━━━━━ Given information ━━━━━

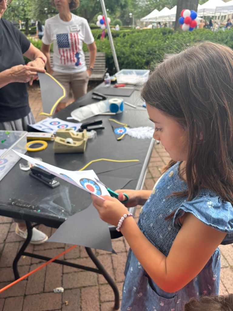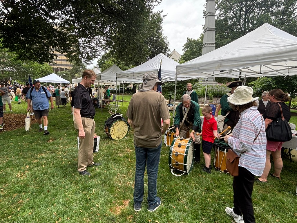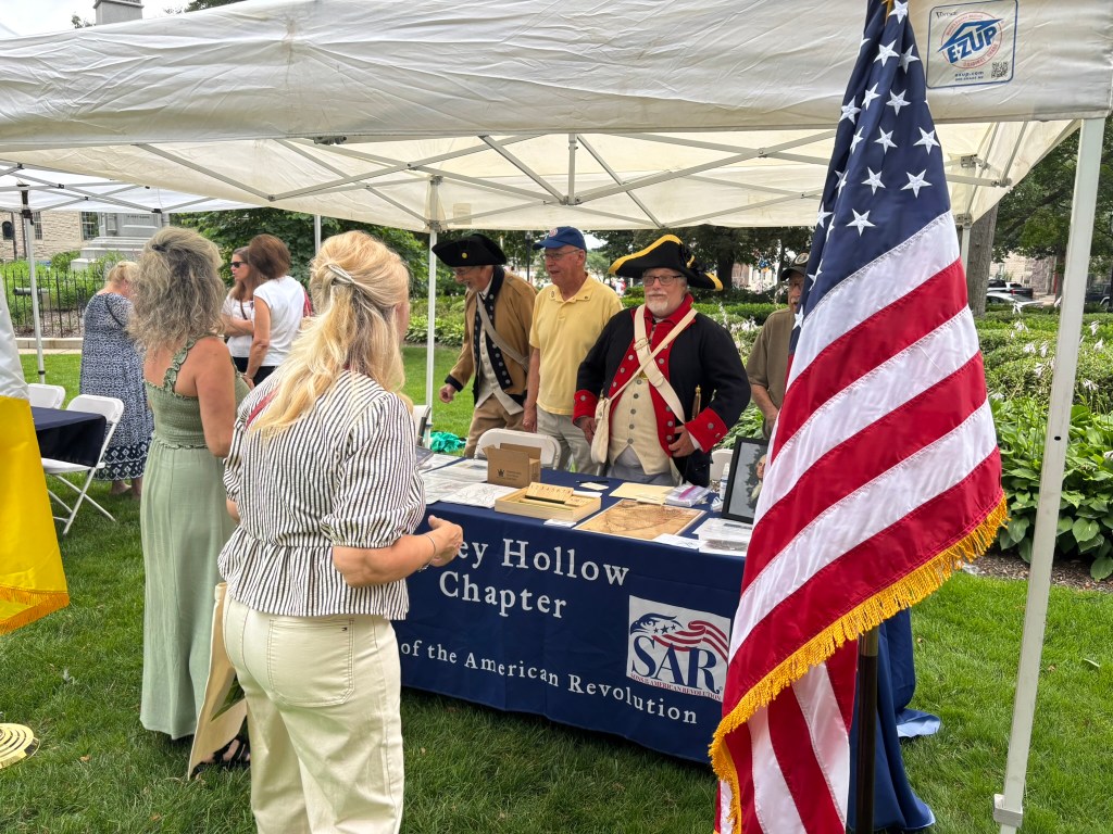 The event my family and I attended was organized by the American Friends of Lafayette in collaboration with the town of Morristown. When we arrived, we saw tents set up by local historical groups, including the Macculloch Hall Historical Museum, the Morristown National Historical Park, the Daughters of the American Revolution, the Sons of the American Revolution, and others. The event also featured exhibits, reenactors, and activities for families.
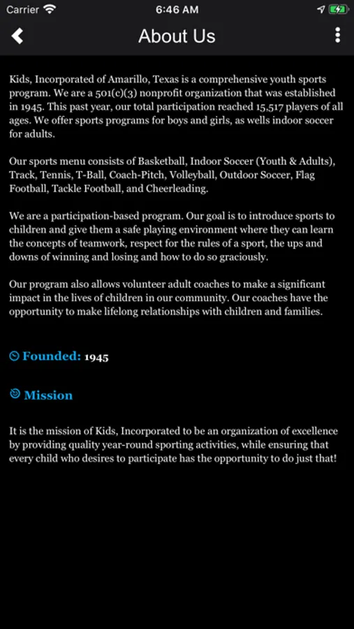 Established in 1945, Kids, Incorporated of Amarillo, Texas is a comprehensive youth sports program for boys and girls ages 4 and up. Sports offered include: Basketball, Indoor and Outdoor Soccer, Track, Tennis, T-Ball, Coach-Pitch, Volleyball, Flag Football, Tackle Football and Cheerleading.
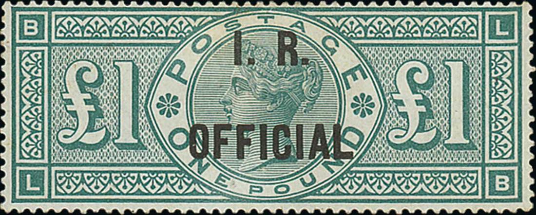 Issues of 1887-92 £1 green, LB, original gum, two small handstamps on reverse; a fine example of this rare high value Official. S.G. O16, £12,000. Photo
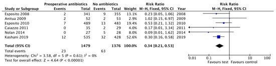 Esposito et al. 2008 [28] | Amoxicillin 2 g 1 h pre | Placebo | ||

━━━━━

- Exercise aim:
Transcribe exactly the portion of the material above that runs from the line containing "Established in 1945, Kids, Incorporated" through its last line, omitting all pictures.

- Exercise output:
 Established in 1945, Kids, Incorporated of Amarillo, Texas is a comprehensive youth sports program for boys and girls ages 4 and up. Sports offered include: Basketball, Indoor and Outdoor Soccer, Track, Tennis, T-Ball, Coach-Pitch, Volleyball, Flag Football, Tackle Football and Cheerleading.
 Issues of 1887-92 £1 green, LB, original gum, two small handstamps on reverse; a fine example of this rare high value Official. S.G. O16, £12,000. Photo
 Esposito et al. 2008 [28] | Amoxicillin 2 g 1 h pre | Placebo | ||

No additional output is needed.